I stop to mention my impression that altruism that rises to this level is not morally attractive. Quite to the contrary. A willingness to give up one’s life simply on learning that five others will live if and only if one dies is a sign of a serious moral defect in a person.

Hardcore libertarian commenters (you know who you are) take note. Even if you disagree, it still wouldn’t follow from the fact that you would be willing to die to save five that you can permissibly kill someone else (Bob, the Fat Man, or the unwilling organ donor) to save five.

Thomson’s argument concludes with another genius move. Say I am examining the switch, and I then find that (iii) is actually not an option—altruistic suicide is off the table.
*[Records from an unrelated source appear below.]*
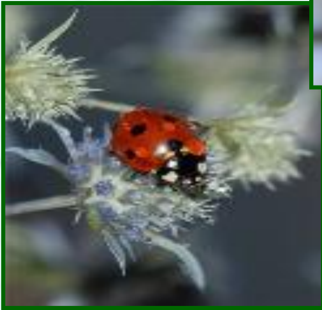
1 божья коровка
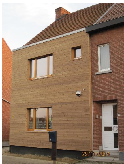
Met buitenisolatie kan je het uitzicht van je woning volledig veranderen

Eerst al het buitenschrijnwerk vervangen en pas later alle muren isoleren, is dan weer niet ideaal. Beter is om gevel per gevel in zijn geheel aan te pakken: schrijnwerk vervangen én de muur isoleren. Zo stem je beide op mekaar af en vermijd je koudebruggen. Isoleer dus gerust dit jaar de achtergevel van je rijwoning en binnen vijf jaar de voorgevel. Of omgekeerd.
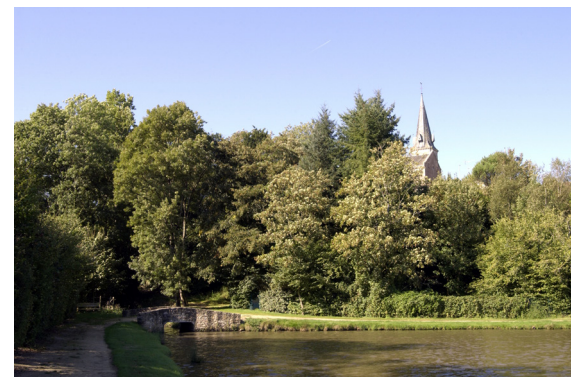
Plan d'eau des fontaines

Now we are back to the original Trolley problem but the impermissibility of (ii) remains. It is still impermissible for me to turn the trolley and kill Bob, making him pay the cost of my ‘good deed.’

So let’s take stock. If I am not required to kill myself to save the five (iii) then it is permissible to do nothing (i).  Killing Bob (ii) is not permissible, regardless of whether (iii) is an option. So in the original trolley case we ought to do nothing (i). Point is, don’t kill Bob.

I love Thomson’s argument, and I think it’s a great illustration of how weighty negative duties are. Still, I’m not sure that the trolley problem is, as she suggests, a non-problem after all. On this case I agree with Thomson’s judgment, but my intuitions remain frustratingly unclear about the weight of negative and positive duties more generally. Yes, negative duties are especially weighty. But this is not to say that they have absolute weight over positive duties or that positive duties don’t exist.

What if there were 500 people on the track and Bob’s life on the other one? Even then I am hesitant to say we can kill Bob. This case just looks too close to those ticking bomb cases, or the assassin case, and I think Jeremy Waldron’s response to the ticking bomb argument for torture is compelling:

Law and morality and religion requires that in no circumstances is torture to be used. The law is unambiguous, it’s a total prohibition. And for some of us, our morality dictates the same. We [should] take responsibility for the consequences of the bomb’s explosion, for the consequences of our morality.

As with torture, the same goes for killing. Still, if the numbers get high enough—I just don’t know what to do with those cases.

On the other hand, there are troubling counter examples to thinking that all negative duties have absolute priority. While I couldn’t permissibly kill Bob, could I injure him or destroy his property? Say I cannot bear the costs myself. It seems like I could divert the track in a way that ran over Bob’s toe, or his iPod, in order to save the five. Probably I should too. After all, if there were nothing on the other track then it would be really awful (and intuitively wrong) if I didn’t turn the trolley. How do we make sense of this? At what point does it become wrong to make Bob pay the price of my ‘good deed’?